Bases: AggregateFnV2[dict, ndarray | float]

Calculates the mean (average) of a column containing Tensors.

This aggregator treats the data column as a high-dimensional array where axis 0 represents the batch dimension. To satisfy the requirements of a reduction and prevent memory growth proportional to the number of rows, axis 0 must be included in the aggregation.

Parameters:

Name Type Description Default
on str

The name of the column containing tensors or numbers.

 required
axis int | tuple[int, ...] | None

The axis or axes along which the reduction is computed. - None: Global reduction.
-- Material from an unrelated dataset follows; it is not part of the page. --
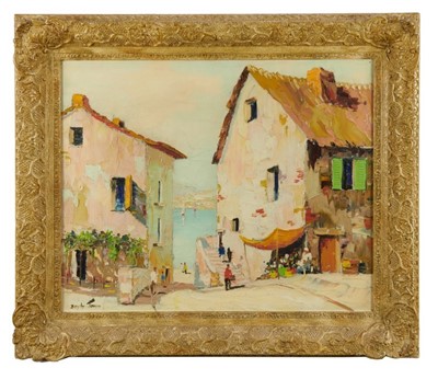 Lot 979 - *Cecil Rochfort D’Oyly-John (1906-1993), oil on canvas, Figures in a Mediterranean street, signed, inscribed verso, 42cm x 52cm, framed
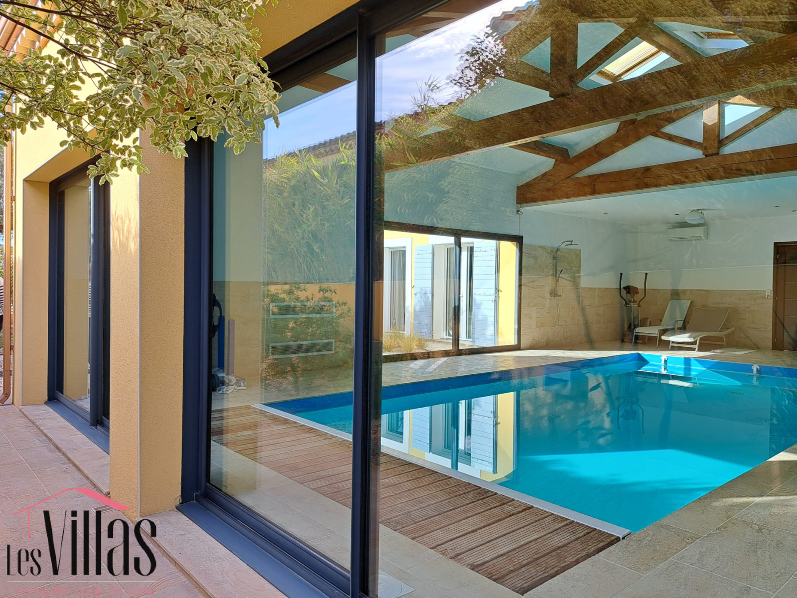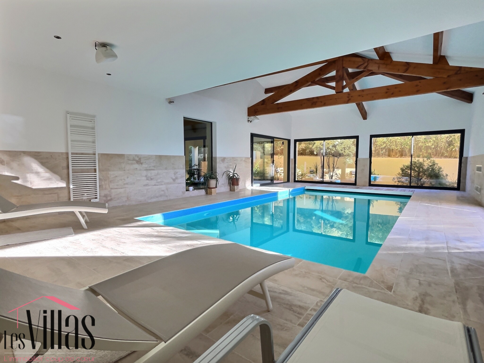 Aux pièces de vie s’ajoute un vaste espace de près de 85 m2, baigné de lumière grâce à de grandes baies vitrées. Ce lieu aux volumes remarquables, sublimé par un plafond cathédral avec poutres apparentes, accueille une piscine intérieure chauffée de 8 x 4 m et s’ouvre sur une très belle terrasse en travertin, créant un espace unique dédié au bien-être et à la détente, utilisable toute l’année.

Collapses all dimensions (including batch) to a single scalar. - int: Aggregates over both the batch (axis 0) AND the specified tensor dimension. For example, axis=1 collapses the batch and the first dimension of the tensors. - tuple: A sequence of axes that must explicitly include 0.

 None
ignore_nulls bool

Whether to ignore null values. Defaults to True.

 True
alias_name str | None

Optional name for the resulting column. Defaults to "mean()".

 None

Raises:

Type Description
ValueError

If axis is provided as a tuple but does not include 0.
Note

This aggregator is designed for "reduction" operations. If you wish to calculate statistics per-row without collapsing the batch dimension, use .map() instead.

Example

import ray import numpy as np from ratiopath.ray.aggregate import TensorMean

Dataset with 2x2 matrices: total shape (Batch=2, Dim1=2, Dim2=2)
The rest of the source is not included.